I recenti scoppi di violenza in Algeria e Tunisia per l’aumento dei prezzi dei generi alimentari, la disoccupazione e l’inflazione galoppante, rischiano di essere solo la punta di un iceberg. L’allarme lanciato dalla FAO non fa ben sperare: i prezzi degli agroalimentari nel mondo non sono mai stati così alti. L’indice FAO è aumentato del 32% nella sola seconda metà del 2010 e il trend non accenna a diminuire nel 2011. Toccati, anzi superati, i record storici del 2008 che portarono a violente proteste in America Latina, Africa ed Asia.
Secondo il “Food price index 2010” dell’organizzazione dell’ONU, la media dei generi alimentari fondamentali, come grano, cereali, zucchero e carni, è aumentata da 167 (luglio 2010) a 215 (dicembre 2010) su scala FAO. Soltanto i cereali sono passati da 163 a 238, gli oli vegetali da 174 a 263 e lo zucchero da 247 a 398. E il futuro non è roseo. Secondo l’Organisation for Economic Co-operation and Development (OECD) i prezzi dei generi alimentari aumenteranno di un altro 40% entro il 2020, con picchi record per gli oli vegetali utilizzati nei biocarburanti.
Proprio i biocarburanti sono indicati da molte Ong come la causa principale dell’aumento dei prezzi, tanto che l’organizzazione “Act on aid” sostiene che milioni di persone soffrirebbero la fame se i Paesi Ue utilizzassero biocarburanti per il 10% dei loro trasporti interni al fine di contrastare il riscaldamento climatico. Una speculazione che potrebbe portare il prezzo di cereali, zucchero ed oli vegetali ad aumentare fino al 40% entro il 2020. A rischio c’è il 70% di aumento della produzione agricola stimata indispensabile dall’OECD per soddisfare i fabbisogni nutrizionali della popolazione mondiale nel 2050.
Bruxelles getta acqua sul fuoco, sostenendo che è difficile individuare una causa unica per l’aumento dei prezzi. Il Commissario all’agricoltura, il rumeno Dacian Cioloş, ha dichiarato che “la crisi e l’aumento attuale dei prezzi mostrano l’importanza di una forte politica agricola comune in vista di una produzione sostenibile”. Inutile ricordare che nella PAC finisce la maggior parte della spesa europea tra finanziamenti e sovvenzioni. Intanto della situazione se ne discuterà al prossimo G20 in programma il 27 e 28 gennaio a Parigi.

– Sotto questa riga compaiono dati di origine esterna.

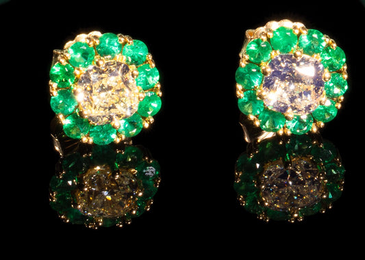 18KY Diamond Earrings with Emerald Halos

E mentre dall’altra parte del Mediterraneo le strade di Algeria e Tunisia bruciano, in Europa Grecia, Irlanda, Portogallo e Italia tremano. La soluzione, presentata come per magia dalla aziende di genetica agraria, potrebbe essere rappresentata dai tanto discussi Ogm. Ma gli ambientalisti avvertono che la crisi alimentare e l’aumento dei prezzi potrebbero essere utilizzati come cavallo di troia per far passare nell’opinione pubblica europea, storicamente contraria agli Ogm, l’idea che gli organismi geneticamente modificati siano diventati una risorsa oramai indispensabile.
Ad ogni modo Bruxelles, da sempre possibilista sugli Ogm, teme di più l’immobilismo decisionale. I policy makers avvertono che se non saranno fatti i passi giusti a livello politico, l’impennata dei prezzi alimentari rischia di spingere alle stelle l’inflazione, solleticare fantasie protezioniste e dilagare nell’instabilità sociale.